In the Northern Hemisphere, we officially cross over from spring to summer today. This means it’s time to share comments about the weather with friends living further north. It means that I’m now running out of suggestions for friends at the Day Job as to what their kids can do on summer vacation that won’t cost a fortune. (I’m afraid “how about getting them jobs in a coal mine and telling them ‘it’s steampunk’?” doesn’t go over all that well, but that’s only because the nearest mines are in Tennessee.) Best of all, it means that it’s time to make the world’s postal carriers HATE me. It’s time for freebies.
Here’s the situation. It started when I was organizing my office. (Let’s be honest. “Organizing my office” is much like giving a corpse an enema because “it couldn’t hurt.” The place looks as if Hunter S. Thompson camped out there for a month. Let me say “I was attempting to prevent an avalanche of old papers threatening to smash down the wall and entomb my neighbor in 20-year-old correspondence.”) While wondering if I had enough cord to connect the detonator to the primary charges, I came across a cardboard box left over from a promotional campaign three years ago. Inside that box…

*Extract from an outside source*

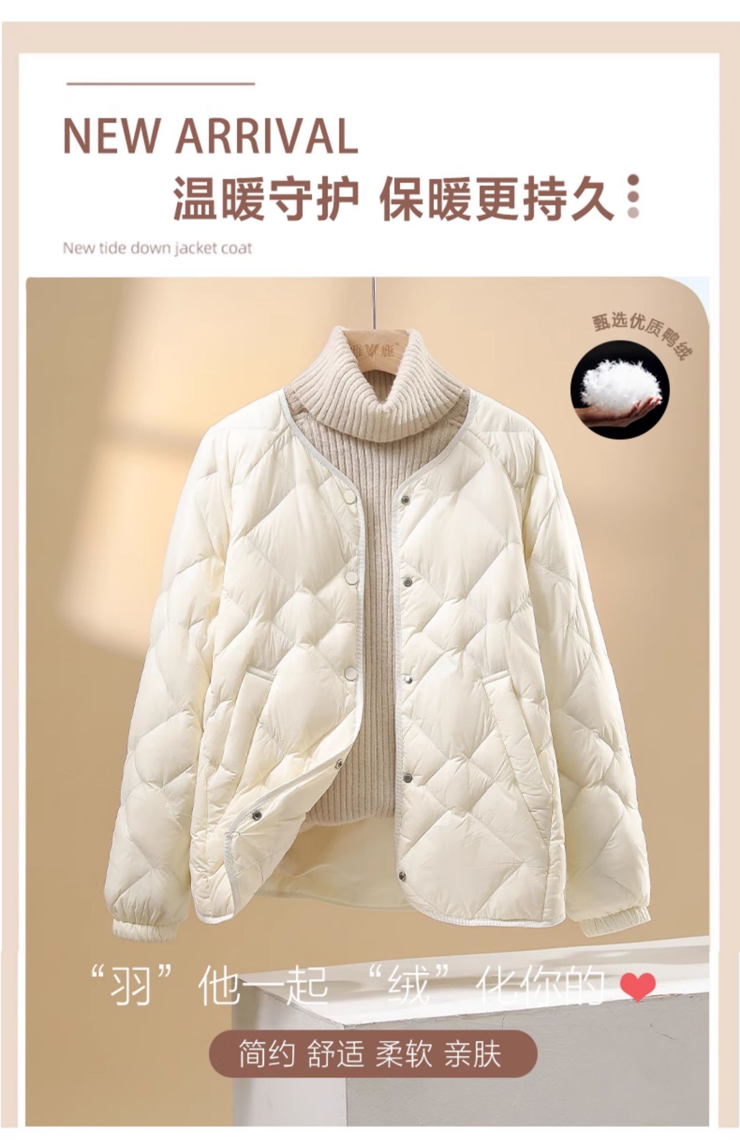 雅鹿2025新款輕薄羽絨服女內膽冬季圓領短款百搭休閒時尚女士外套

Well, inside the box was treasure for the right people. And it can be yours, should you be so inclined.
Inside the box were 70 individual envelopes, labeled with return addresses and filled with goodies. Specifically, each one contains a Triffid Ranch sticker, a Triffid Ranch button, and other random items. All you need to do to get one is ask. The first 70 people to send a mailing address gets an envelope in return.
Because everyone looks side-eyed whenever I offer free items, here are the rules:
Numero Uno: One envelope will be sent per address. This may be home, work, mail drop, or slot in the side of a tree. However, if you know of people who’d enjoy getting something for free this summer, include their addresses as well.
Numero Two-O: This offer is open to the citizens of the planet Earth, no matter where you’re located. All I need is a valid mailing address, and the postage costs will be covered by the Texas Triffid Ranch.
Numero Three-O: To belay any concerns about privacy, any addresses gathered will only be used for the purpose of sending envelopes, and will NOT be used in any other way. They also will NOT be given to anybody else, for any reason whatsoever.
Numero Four-O: All requests for envelopes must be submitted by midnight on June 30, 2012. This offer will continue until then or until all envelopes are claimed, whichever comes first.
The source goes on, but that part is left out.